» WORK TO BE COMPLETED
Find the line containing "Figure 1: Western", then return it and every line after it through the end of the records, exactly. Leave out pictures.
···
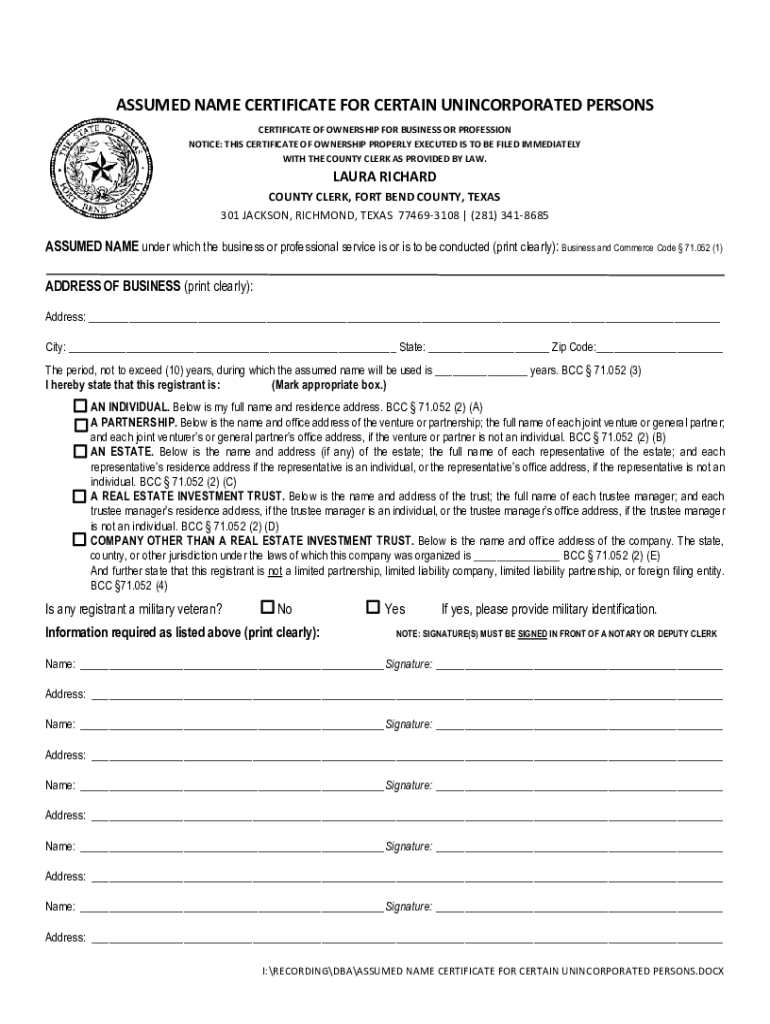 - Other business entities: Various other business structures, such as associations or cooperatives, may also need to register an assumed name certificate if they operate under a name different from the legal entity name.
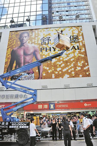 郭富城走上预先准备的吊车升降台,升到4楼高的户外巨型广告海报外。
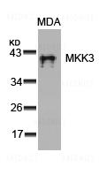 Figure 1: Western blot analysis of extracts from MDA cells using MKK3 (Ab-189) Antibody 35-1466 .
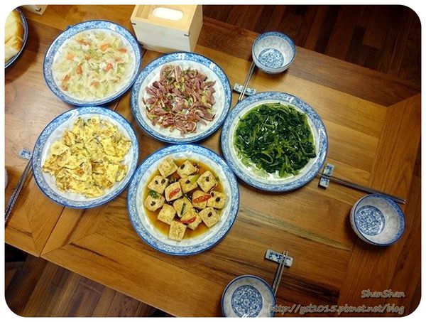 隔天,稀飯配菜的中式早餐,這桌約4人份,有宜蘭名產鴨賞喔。另外還有很甜的梨子和火龍果,也有烤麵包,營養又豐盛!吃得好開心!
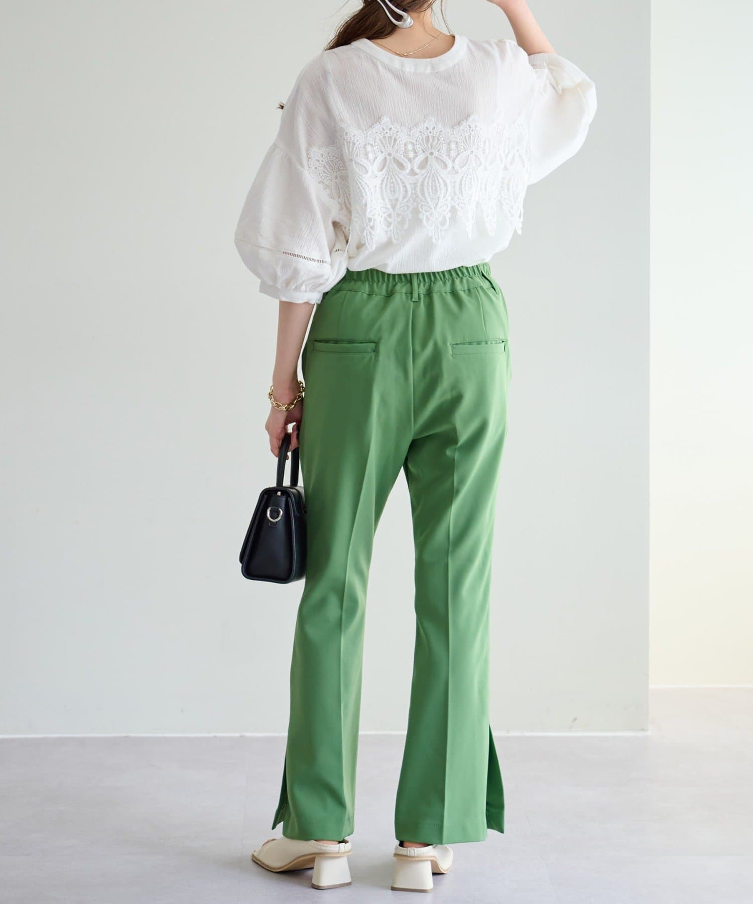 レースがとても可愛いです。2wayですが、レースを前にして、ボトムスはデニムと合わせて着用することが多いです。涼しい素材なのでサラッと着れます。5分袖で控えめなところも良いです♪
···
» FINISHED EXERCISE
 Figure 1: Western blot analysis of extracts from MDA cells using MKK3 (Ab-189) Antibody 35-1466 .
 隔天,稀飯配菜的中式早餐,這桌約4人份,有宜蘭名產鴨賞喔。另外還有很甜的梨子和火龍果,也有烤麵包,營養又豐盛!吃得好開心!
 レースがとても可愛いです。2wayですが、レースを前にして、ボトムスはデニムと合わせて着用することが多いです。涼しい素材なのでサラッと着れます。5分袖で控えめなところも良いです♪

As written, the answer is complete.